▶ **Task to complete**:
For this listing, reproduce the line with "Official Green Day", the line with "本场比赛中,马德里竞技在主场", and the lines between, exactly as they stand. Leave out pictures and all other lines.

▶ **Records supplied**:
--- --- ---

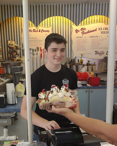 To clarify this would be. 3.5 starts if available. The plusses: Nice people Very Large portions The negatives: The place needs a severe cleaning They use only non dairy whip cream No soft serve. Styrofoam cups The atmosphere is not bad for an icecream shop but I think they can do better. I am sure by the line most people dont mind but others may appreciate my point of view.
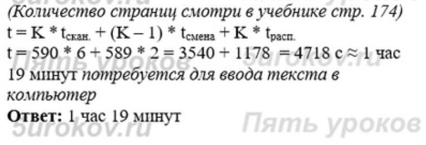 2.Сколько времени потребуется для ввода в память компьютера текста романа Л.Н Толстого , «Война и мир» с помощью сканера и программы ABBY FineReader, если известно, что текст выполнен на 684 страницах ,на сканирование одной страницы уходит 4 сек, на смену страницы в сканере 7 сек, на распознание страницы 3 сек?
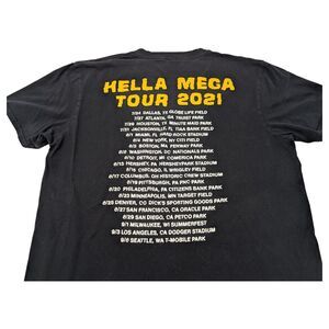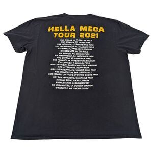 Official Green Day Hella Mega Tour 2021 T-shirt featuring double-sided graphics with vibrant tour artwork. A great piece for any punk rock or alternative band tee collector.
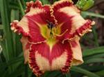 Hemerocallis Lies And Lipstick was hybridized by J. Kennebrew in 2004. Tetraploid, 25 Inch Scapes, 5 1/2 Inch Flowers, Early to Mid-Season, Reblooms, Fertile Both Ways,
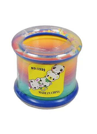 Пружинка состоит из всех цветов радуги и при растяжки и стяжки цвета начинают переливаться.
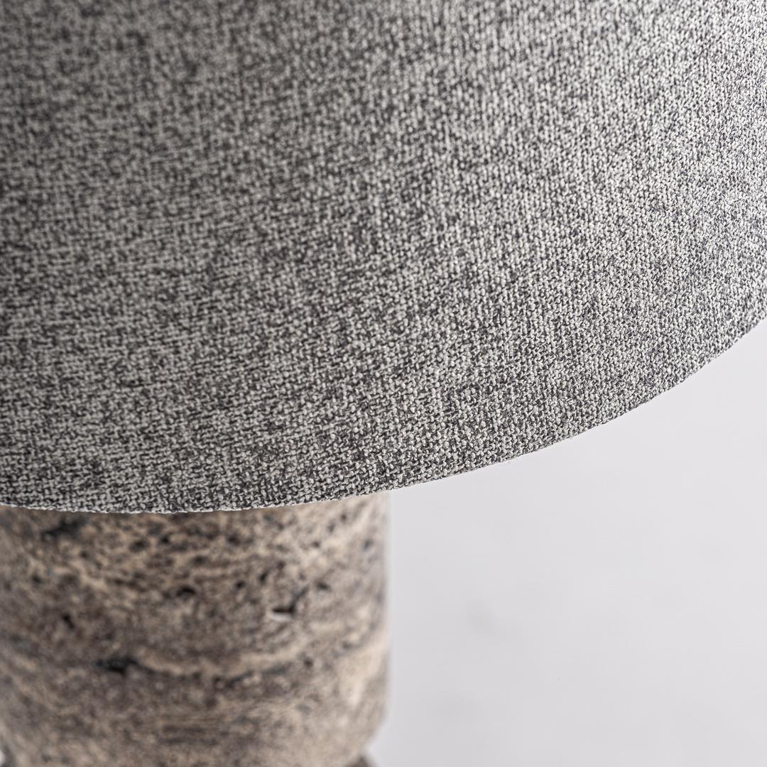 Настольная лампа в стиле ар-деко, выполнена из нейтрального травертина в сочетании с серебристым железом и серым льном. Изделие можно разобрать. Ширина: 30см, Глубина: 30см, Высота: 59см
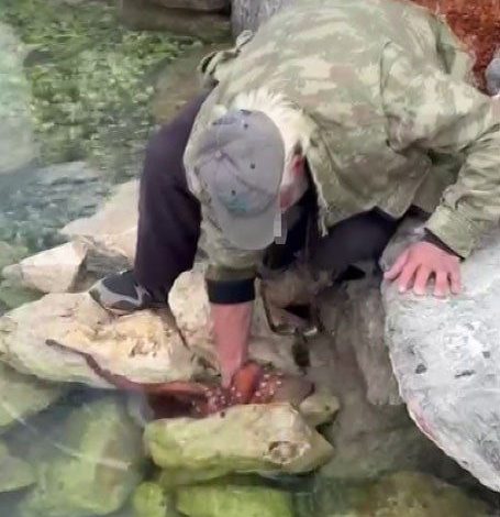 Görenler gözlerine inanamadı: Kayalıktaki dev ahtapotu elleriyle avladı
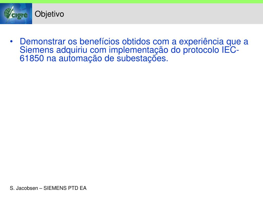 Objetivo • Demonstrar os benefícios obtidos com a experiência que a Siemens adquiriu com implementação do protocolo IEC-61850 na automação de subestações.
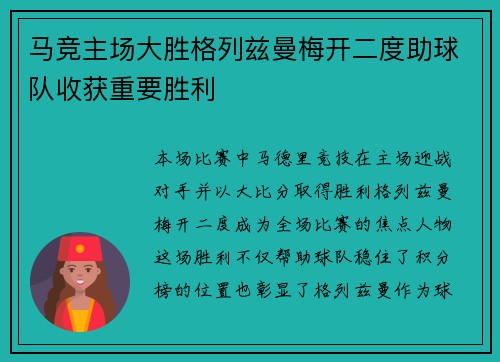 本场比赛中,马德里竞技在主场迎战对手并以大比分取得胜利,格列兹曼梅开二度,成为全场比赛的焦点人物。这场胜利不仅帮助球队稳住了积分榜的位置,也彰显了格列兹曼作为球队核心的巨大作用。接下来,本文将从四个方...
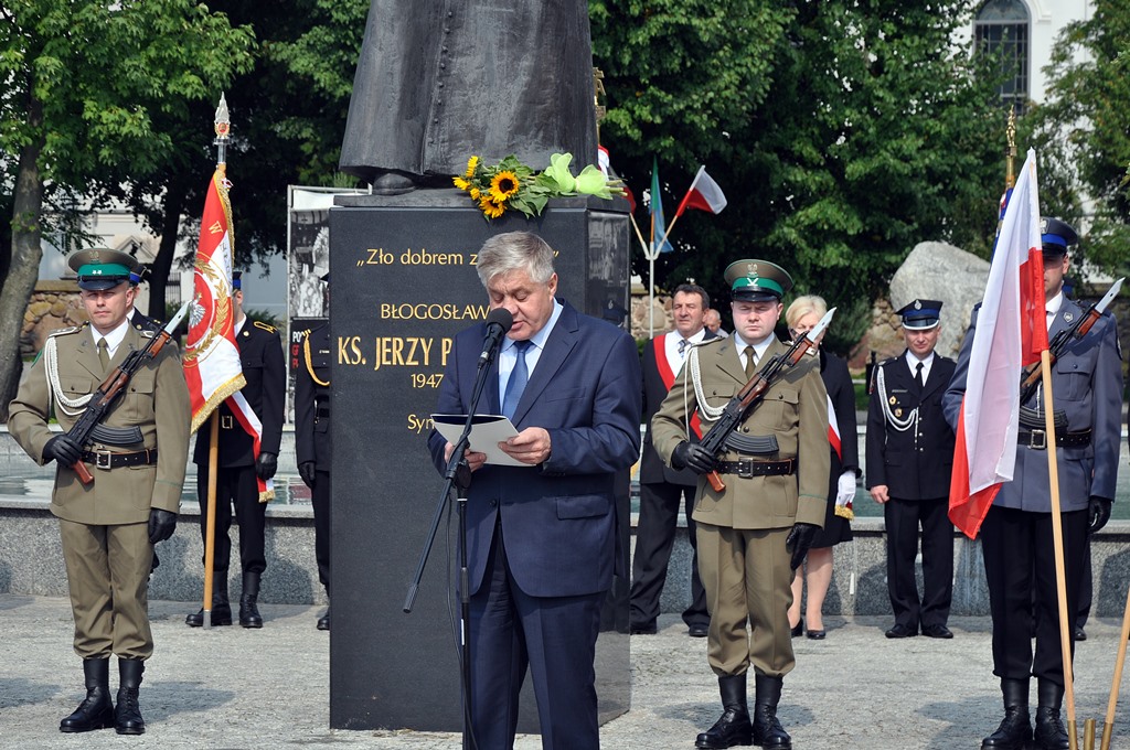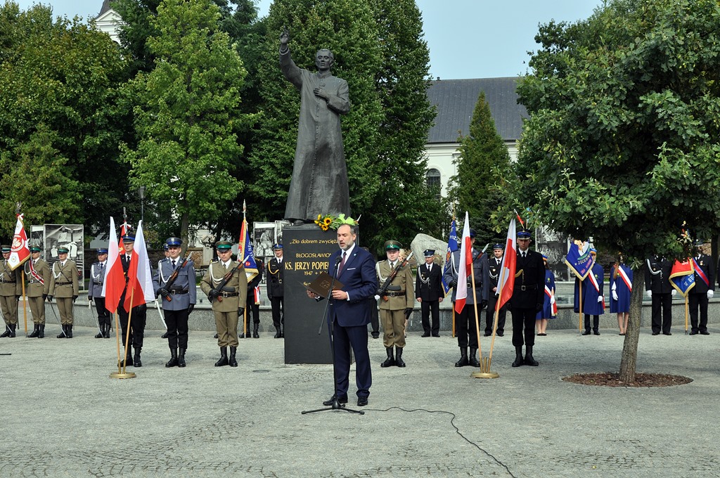 Z pokorą, ale i wdzięcznością dziękujemy dzisiaj panu Bogu za dar jego życia, za dar jego dzieła. Za to, że dzięki niemu dzisiaj jesteśmy wolni, przełamaliśmy, a do tego prowadził nas ksiądz Jerzy Popiełuszko, totalitaryzm, przełamaliśmy zniewolenie, komunizm. Odzyskaliśmy niepodległość, suwerenność. Pokonaliśmy pod jego przewodnictwem znaczną część zła, bo pamiętamy jego najważniejsze słowa - "zło dobrem zwyciężaj" - mówił podczas uroczystości Jarosław Zieliński.
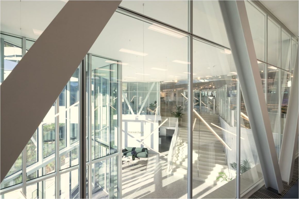 Une architecture médiatrice: non seulement le bâtiment prévoit de s’adapter aux mutations industrielles à venir mais il est aussi l’instigateur de certaines de ces mutations, à l’instar de l’intégration d’espaces sociaux ayant vocation à la création d’une communauté. Ainsi, au centre du dispositif se trouve un grand espace de rencontre, la Piazza. Cet espace de 900 m2 naît du besoin de relier les différents secteurs jusqu’à présent indépendants et hermétiques. La Piazza s’est ainsi formalisée au milieu des flux, au cœur du dispositif. Elle constitue à la fois le couloir de service entre les secteurs et un espace favorisant les échanges informels et la créativité, faisant d’elle un espace de référence pour l’ensemble des usagers,employés et visiteurs.

--- --- ---

▶ **Output of the exercise**:
 Official Green Day Hella Mega Tour 2021 T-shirt featuring double-sided graphics with vibrant tour artwork. A great piece for any punk rock or alternative band tee collector.
 Hemerocallis Lies And Lipstick was hybridized by J. Kennebrew in 2004. Tetraploid, 25 Inch Scapes, 5 1/2 Inch Flowers, Early to Mid-Season, Reblooms, Fertile Both Ways,
 Пружинка состоит из всех цветов радуги и при растяжки и стяжки цвета начинают переливаться.
 Настольная лампа в стиле ар-деко, выполнена из нейтрального травертина в сочетании с серебристым железом и серым льном. Изделие можно разобрать. Ширина: 30см, Глубина: 30см, Высота: 59см
 Görenler gözlerine inanamadı: Kayalıktaki dev ahtapotu elleriyle avladı
 Objetivo • Demonstrar os benefícios obtidos com a experiência que a Siemens adquiriu com implementação do protocolo IEC-61850 na automação de subestações.
 本场比赛中,马德里竞技在主场迎战对手并以大比分取得胜利,格列兹曼梅开二度,成为全场比赛的焦点人物。这场胜利不仅帮助球队稳住了积分榜的位置,也彰显了格列兹曼作为球队核心的巨大作用。接下来,本文将从四个方...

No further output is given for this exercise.